What is expected -> An exact copy of every entry is required, minus the pictures.

Dataset extract Block Start

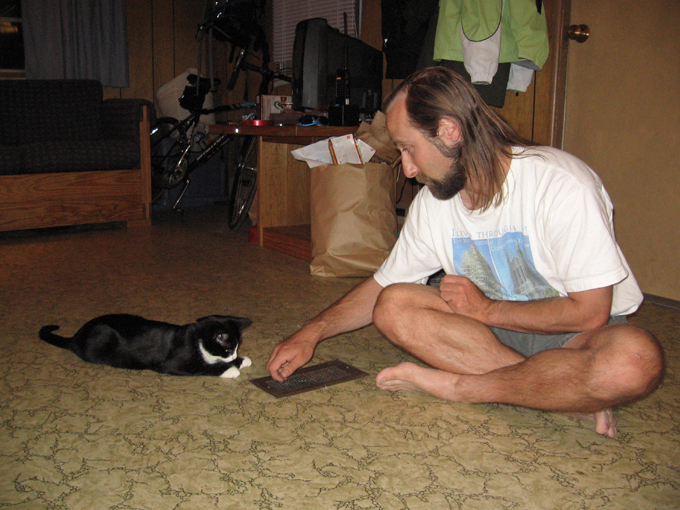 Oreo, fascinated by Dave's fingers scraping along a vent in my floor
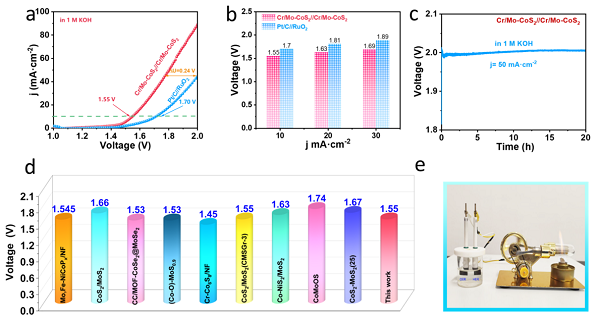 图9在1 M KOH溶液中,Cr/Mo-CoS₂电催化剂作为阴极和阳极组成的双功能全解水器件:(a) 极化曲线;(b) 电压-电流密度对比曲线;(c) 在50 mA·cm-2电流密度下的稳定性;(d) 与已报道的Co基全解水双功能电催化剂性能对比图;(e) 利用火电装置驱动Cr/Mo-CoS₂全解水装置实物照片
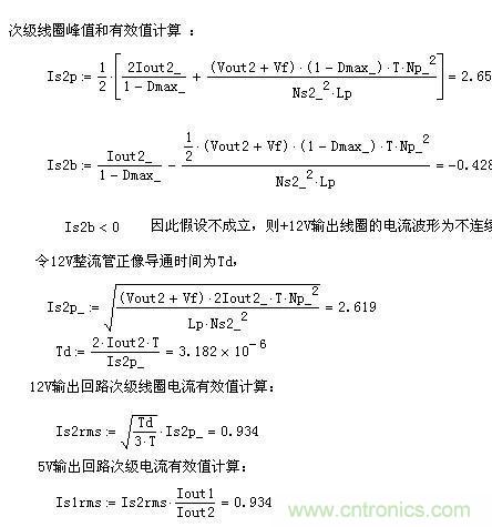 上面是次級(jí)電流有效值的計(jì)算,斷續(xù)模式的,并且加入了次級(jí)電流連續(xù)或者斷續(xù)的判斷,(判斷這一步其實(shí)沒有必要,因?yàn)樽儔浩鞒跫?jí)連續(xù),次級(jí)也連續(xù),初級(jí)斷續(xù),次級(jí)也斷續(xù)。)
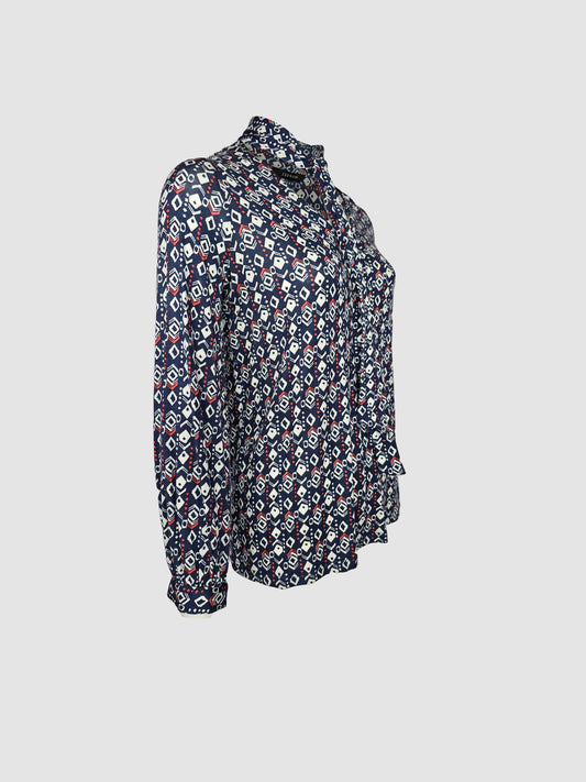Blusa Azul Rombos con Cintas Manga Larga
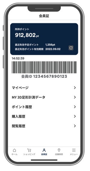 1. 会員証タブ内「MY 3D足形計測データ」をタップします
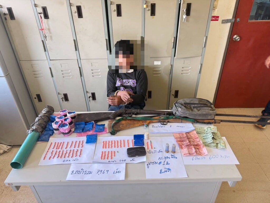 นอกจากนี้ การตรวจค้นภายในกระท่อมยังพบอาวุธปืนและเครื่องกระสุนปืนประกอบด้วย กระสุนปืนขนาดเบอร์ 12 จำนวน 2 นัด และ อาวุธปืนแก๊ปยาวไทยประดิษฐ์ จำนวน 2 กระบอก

Dataset extract Block End

Task output ->
 Oreo, fascinated by Dave's fingers scraping along a vent in my floor
 图9在1 M KOH溶液中,Cr/Mo-CoS₂电催化剂作为阴极和阳极组成的双功能全解水器件:(a) 极化曲线;(b) 电压-电流密度对比曲线;(c) 在50 mA·cm-2电流密度下的稳定性;(d) 与已报道的Co基全解水双功能电催化剂性能对比图;(e) 利用火电装置驱动Cr/Mo-CoS₂全解水装置实物照片
 上面是次級(jí)電流有效值的計(jì)算,斷續(xù)模式的,并且加入了次級(jí)電流連續(xù)或者斷續(xù)的判斷,(判斷這一步其實(shí)沒有必要,因?yàn)樽儔浩鞒跫?jí)連續(xù),次級(jí)也連續(xù),初級(jí)斷續(xù),次級(jí)也斷續(xù)。)
Blusa Azul Rombos con Cintas Manga Larga
 1. 会員証タブ内「MY 3D足形計測データ」をタップします
 นอกจากนี้ การตรวจค้นภายในกระท่อมยังพบอาวุธปืนและเครื่องกระสุนปืนประกอบด้วย กระสุนปืนขนาดเบอร์ 12 จำนวน 2 นัด และ อาวุธปืนแก๊ปยาวไทยประดิษฐ์ จำนวน 2 กระบอก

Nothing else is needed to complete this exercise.